Supervised Learning›Pro· 40 min read

Boosting & Gradient Boosting

Build trees one after another, each fixing the mistakes of the last — the technique that wins most tabular ML.

What you will learn

Tell bagging apart from boosting
Explain how boosting learns from its own errors
Train a gradient boosting model and compare it to a forest

A different way to combine trees

A random forest grows many trees in parallel, each on a random slice, then lets them vote. That is called bagging. Boosting takes the opposite approach: it grows trees one at a time, in a chain, and each new tree focuses on the rows the previous trees got wrong.

Picture a team marking exam papers. The first marker does a rough job. The second marker does not re-mark everything — they concentrate on the papers the first one messed up. The third fixes what is still wrong, and so on. Each step boosts the result by patching the remaining mistakes.
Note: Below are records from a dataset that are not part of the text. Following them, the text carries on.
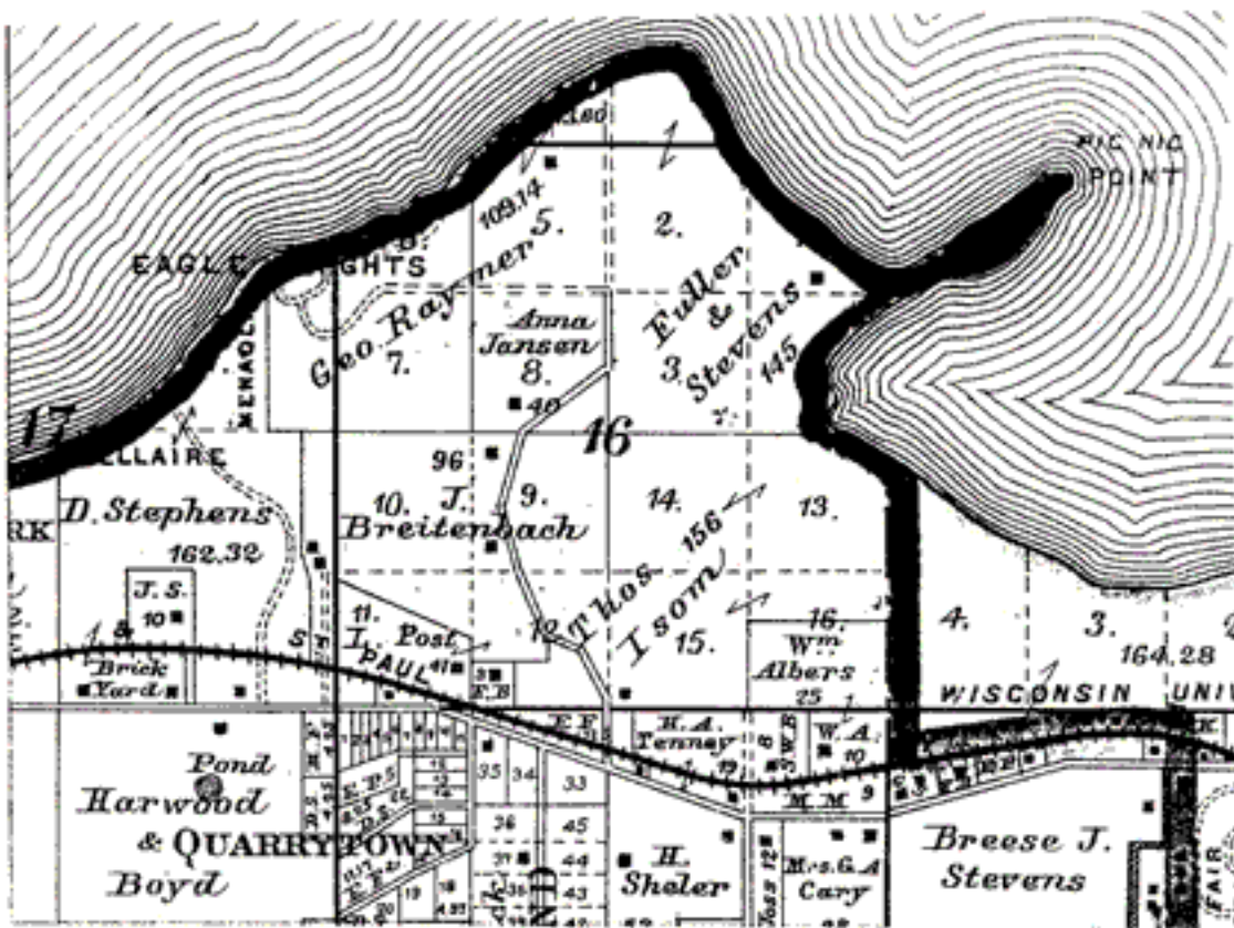
Portion of the 1890 plat map for the Town of Madison, showing the location of the George Raymer property. University Avenue (then called Sauk Road) is in the lower part of the picture, south of the railroad tracks. University Bay Drive passes north through the Ison and Breitenbach properties.
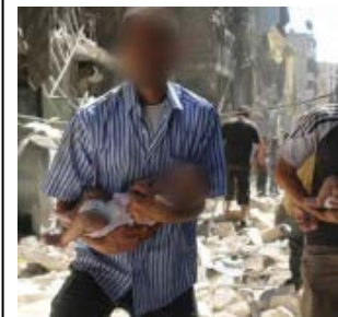
Britain is the latest country to acknowledge its participation in the airstrikes that reportedly killed scores of soldiers in the Syrian city of Dayr al-Zawr. The British Ministry of Defence (MoD) confirmed that UK drones participated in the

Australia and Denmark have also announced their aircraft were among a group of Western warplanes that targeted the Syrian forces.
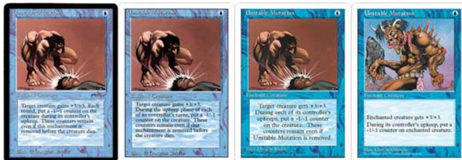
Unstable Mutation was reprinted in Revised, Fourth, and Fifth Editions.

I am attracted to blue beatdown decks in the same way that I'm attracted to green control decks. Blue's style doesn't naturally lend itself to aggressive beatdown; the exceptions in recent memory are tournament decks like "Blue Skies" and Merfolk decks, both of which employ a fair amount of countermagic as a support strategy. Because the very idea of blue beatdown seems counterintuitive, I like thinking of ways to make it work.
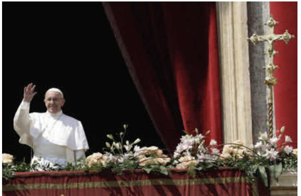
Pope Francis waves prior to delivering his Urbi et Orbi (to the city and to the world) message, from the main balcony of St. Peter's Basilica at the Vatican, Sunday, April 16, 2017.

Closing his homily, Francis called upon those present to think about the every-day problems of life, illnesses, wars, human tragedies and say, "with a humble voice, without flowers, alone, to God who's in front of us: 'I don't know how this is going, but I'm sure that Christ has risen.'"
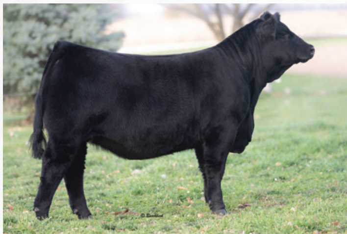
FarL Miss Keepsake Full Sister

AI bred to R Plus Estevan 2162K on April 12. Preg checked safe Consigned by Far-L Farms.

Add up everyone’s corrections and the final marking is excellent.

	Bagging (Random Forest)	Boosting (Gradient Boosting)
Trees built	In parallel, independently	One after another, in a chain
Each tree focuses on	A random slice of data	The previous trees’ mistakes
Main strength	Stable, hard to break	Often the highest accuracy
Main risk	Slightly less accurate	Can overfit if pushed too hard

How gradient boosting learns from errors

The most popular form is gradient boosting. “Gradient” just means it measures the leftover error after each tree and points the next tree at it. Step by step:

Make a first simple prediction (often just the average).
Measure the error — how far off each row is (the leftover, called the residual).
Train a small tree to predict that error, and add its correction to the running prediction.
Measure the new, smaller error and repeat — each tree shrinks what is left.
Stop after a set number of trees; the sum of all the corrections is the final model.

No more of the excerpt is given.